Methods: We included patients with SMEI including borderline SMEI (SMEB), GEFS+, febrile seizures (FS), or other seizure types precipitated by fever. We performed a clinical and genetic study focusing on SCN1A, using dHPLC, gene sequencing, and MLPA to detect genomic deletions/duplications on SMEI/SMEB patients.

Results: We classified patients as: SMEI/SMEB = 55; GEFS+= 26; and other phenotypes = 51. SCN1A analysis by dHPLC/sequencing revealed 40 mutations in 37 SMEI/SMEB (67%) and 3 GEFS+ (11.5%) probands. MLPA showed genomic deletions in 2 of 18 SMEI/SMEB. Most mutations were de novo (82%). SMEB patients carrying mutations (8) were more likely to have missense mutations (62.5%), conversely SMEI patients (31) had more truncating, splice site or genomic alterations (64.5%). SMEI/SMEB with truncating, splice site or genomic alterations had a significantly earlier age of onset of FS compared to those with missense mutations and without mutations (p = 0.00007, ANOVA test). None of the remaining patients with seizures precipitated by fever carried SCN1A mutations.

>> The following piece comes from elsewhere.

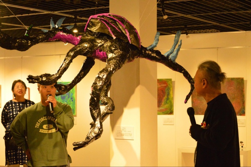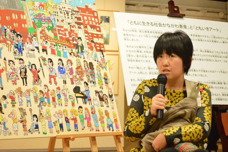 中津川氏は「障がい者アートは、作品見て良いなと思って背景を調べると(描くにあたった)ストーリーが良いんですよね。ストーリーを読んで初めて作品の意味とか込められた思いがはっきり見えてくる。一般の美術だと、美術史とかコンテストのコンセプトがあって見るばそれが分かってくるんですけど、障がい者アートはそういうコンセプトとは無関係にみなさん作品を創っているので、どちらかというと個人的な背景の物語を知ることが作品を知る手がかりになっていくんだろうなと思います」と解説した。

Conclusion: We obtained a frequency of 71%SCN1A abnormalities in SMEI/SMEB and of 11.5% in GEFS+ probands. MLPA complements DNA sequencing of SCN1A increasing the mutation detection rate. SMEI/SMEB with truncating, splice site or genomic alterations had a significantly earlier age of onset of FS. This study confirms the high sensitivity of SCN1A for SMEI/SMEB phenotypes.